Lamptron will be sending me some LED lighting for the case so I don't have to fuss with the lighting. a Ring Puk LED light module sitting on top of the optical drive will illuminate the hell out of the res. a 48" long flexible strip of LED lights will get tucked into the flange around the perimeter to offer some optional interior lighting effects. Simple and effective.

Got my shop clean enough to do the acrylic work and got my numbers together for the cut list and now it's time to make some plastic snow.


----------



## CyberDruid (Jul 14, 2009)

*Time to show some work*

Well I've been making good progress and here's some shots of the work.






The hardest part of making something like a bay res is getting all the parts cut to the exact dimensions required.
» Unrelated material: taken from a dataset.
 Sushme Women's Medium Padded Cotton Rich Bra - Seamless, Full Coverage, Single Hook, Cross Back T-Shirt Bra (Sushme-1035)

Here I am just checking to make sure I did not have a brainfart at the tablesaw.





















This is directly after glue up...still need to doll it up a bit buit it's done...a 3-bay reservoir with a two level waterfall effect.

Now to change out the Blue LEDs on the Big Boy fan









































Glad I did not screw that up..those fans are not cheap to replace.
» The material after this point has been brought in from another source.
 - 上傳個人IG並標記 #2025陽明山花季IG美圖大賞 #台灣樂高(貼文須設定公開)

One of my signature touches..the _Squid_





Sheathing...I can do this in my sleep...sometimes I think I am...

Lamptron is sending me lights but I needed to get something together now. All I had in stock was a 6 LED UV module...so it was time to change out some more LEDs...to Red.


























































Now to see how that looks under the reservoir













Just a quick test. I still have a few more things to do for the lighting effect to be just right.
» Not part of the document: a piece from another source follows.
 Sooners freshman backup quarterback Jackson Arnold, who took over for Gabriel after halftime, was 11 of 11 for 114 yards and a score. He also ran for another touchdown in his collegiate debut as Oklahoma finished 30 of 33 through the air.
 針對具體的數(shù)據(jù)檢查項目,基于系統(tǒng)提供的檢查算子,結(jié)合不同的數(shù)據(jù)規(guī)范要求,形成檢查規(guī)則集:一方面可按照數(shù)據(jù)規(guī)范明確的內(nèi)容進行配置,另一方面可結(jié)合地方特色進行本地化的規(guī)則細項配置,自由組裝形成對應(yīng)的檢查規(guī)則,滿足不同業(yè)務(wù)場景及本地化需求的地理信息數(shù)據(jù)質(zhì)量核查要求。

More in the nest post. This one is getting full


----------



## DanishDevil (Jul 15, 2009)

That res looks sick right there CD!  I love it.  It goes REALLY well with the front-end of the 1200 surprisingly.  I was like...stealthy black case with acryl, not sure, but it's mint!


----------



## Mark_Hardware (Jul 15, 2009)

Looks sweet man great work. All that tedious work pays off in the end!


----------



## MKmods (Jul 15, 2009)

Looks excellent

Thanks a lot for showing the LED stuff.


----------



## CyberDruid (Jul 15, 2009)

*More mods*

Well I needed to control the rad fans and no where can I find the Rheostat I used to use all the time. Swiftech was the supplier and now they don't even have them. No worries I had something even better in mind. One of my favorite controllers for _stealth mode_ is from Silverstone and the Egg had it in my hands this AM 









You get two sets of controllers and a remote module...more fun





I filed the opening in one of the A1200 PCI Plates to accept a rocker switch for case lighting.





A little more file work got the 3 pots to fit.









This is the paint to use...anything else is just doomed to failure. Self etching and self leveling a matte black that matches the A1200. 





Painted the pots too since they are visible through the window.





Here's the module prepped to paint





Stealthed for mounting right below the factory fan and light control panel on the back.





Ready to stick





Stuck





Contoller leads fish up the blindside





These will get sheathed...soon.





And that's what you see...





Popped a hole in the back under the factory control panel for the rad fan leads





All the stuff back together.

Then I got the pump mount ready for paint.





Bracket gets drilled and tapped the chassis gets grommeted













Okay time for paint





Next?

Well I shortened the pump lead and got that sheathed and now I am going to fill the reservoir and look for leaks. If all is well I'll start on the loop.

I'll take a vid of the waterfall in action so stay tuned


----------



## Cold Storm (Jul 15, 2009)

Wow. That's some... I'm speachless... CD, your doing some work that make even a grandma ....  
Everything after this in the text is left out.